#### Prompt
Of the records that follow, copy only the lines from the line containing "- The import" to the line containing "هي الواردة في", both included, exactly as written.

#### Exercise materials
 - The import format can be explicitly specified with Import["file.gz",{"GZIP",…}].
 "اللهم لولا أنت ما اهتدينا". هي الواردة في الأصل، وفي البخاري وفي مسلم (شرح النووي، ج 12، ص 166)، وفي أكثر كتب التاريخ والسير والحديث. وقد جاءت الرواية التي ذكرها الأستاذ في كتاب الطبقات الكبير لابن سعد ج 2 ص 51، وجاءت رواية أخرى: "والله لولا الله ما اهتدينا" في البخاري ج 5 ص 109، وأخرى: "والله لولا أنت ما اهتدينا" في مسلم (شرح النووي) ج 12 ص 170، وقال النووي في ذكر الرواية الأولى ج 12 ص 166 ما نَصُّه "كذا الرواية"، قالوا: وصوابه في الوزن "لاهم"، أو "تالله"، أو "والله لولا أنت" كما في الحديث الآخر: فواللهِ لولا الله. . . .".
==
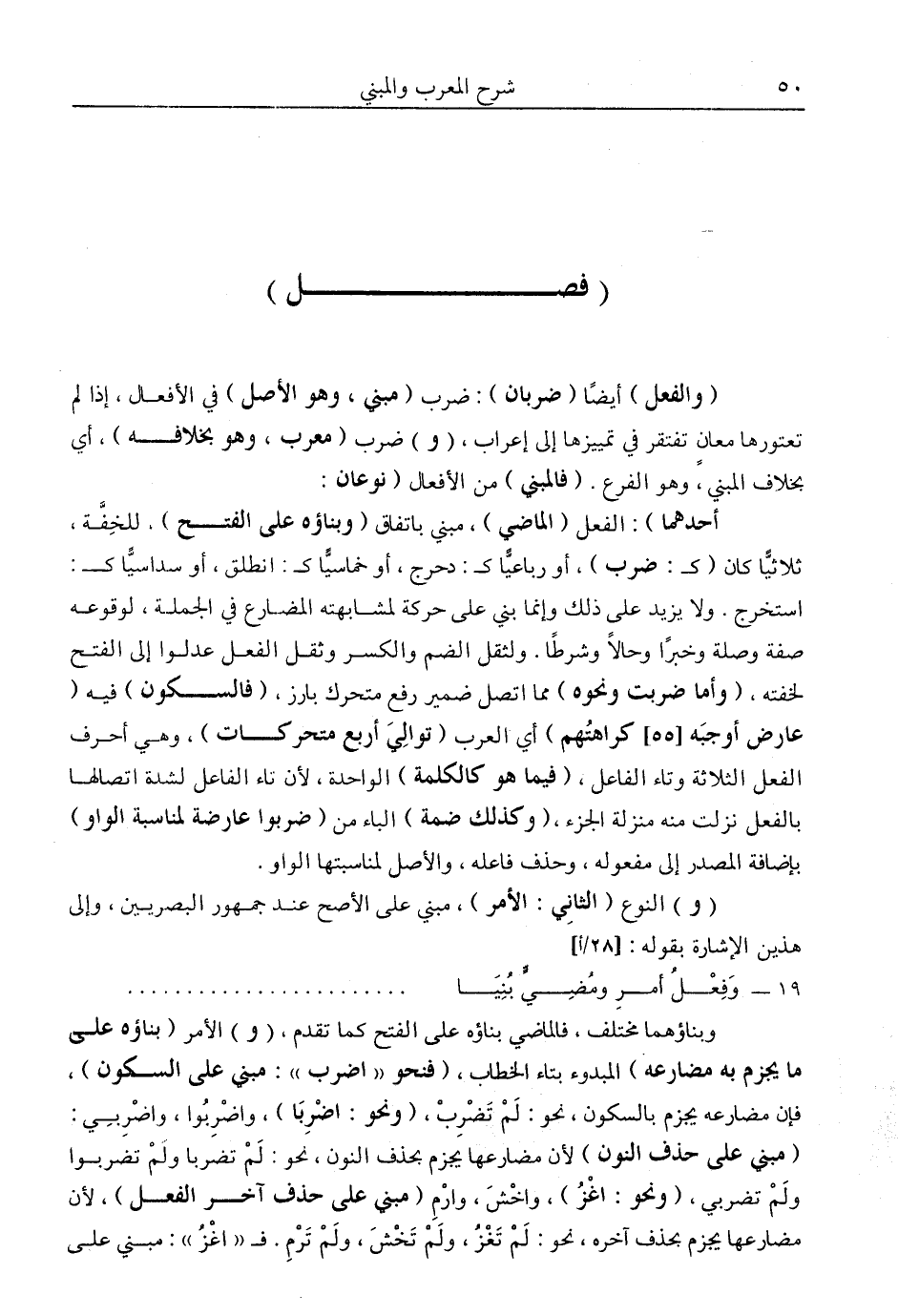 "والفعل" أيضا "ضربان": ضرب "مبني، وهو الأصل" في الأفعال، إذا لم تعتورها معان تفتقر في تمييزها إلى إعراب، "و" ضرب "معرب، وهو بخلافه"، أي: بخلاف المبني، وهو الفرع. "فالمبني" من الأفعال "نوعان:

#### Answer to the exercise
 - The import format can be explicitly specified with Import["file.gz",{"GZIP",…}].
 "اللهم لولا أنت ما اهتدينا". هي الواردة في الأصل، وفي البخاري وفي مسلم (شرح النووي، ج 12، ص 166)، وفي أكثر كتب التاريخ والسير والحديث. وقد جاءت الرواية التي ذكرها الأستاذ في كتاب الطبقات الكبير لابن سعد ج 2 ص 51، وجاءت رواية أخرى: "والله لولا الله ما اهتدينا" في البخاري ج 5 ص 109، وأخرى: "والله لولا أنت ما اهتدينا" في مسلم (شرح النووي) ج 12 ص 170، وقال النووي في ذكر الرواية الأولى ج 12 ص 166 ما نَصُّه "كذا الرواية"، قالوا: وصوابه في الوزن "لاهم"، أو "تالله"، أو "والله لولا أنت" كما في الحديث الآخر: فواللهِ لولا الله. . . .".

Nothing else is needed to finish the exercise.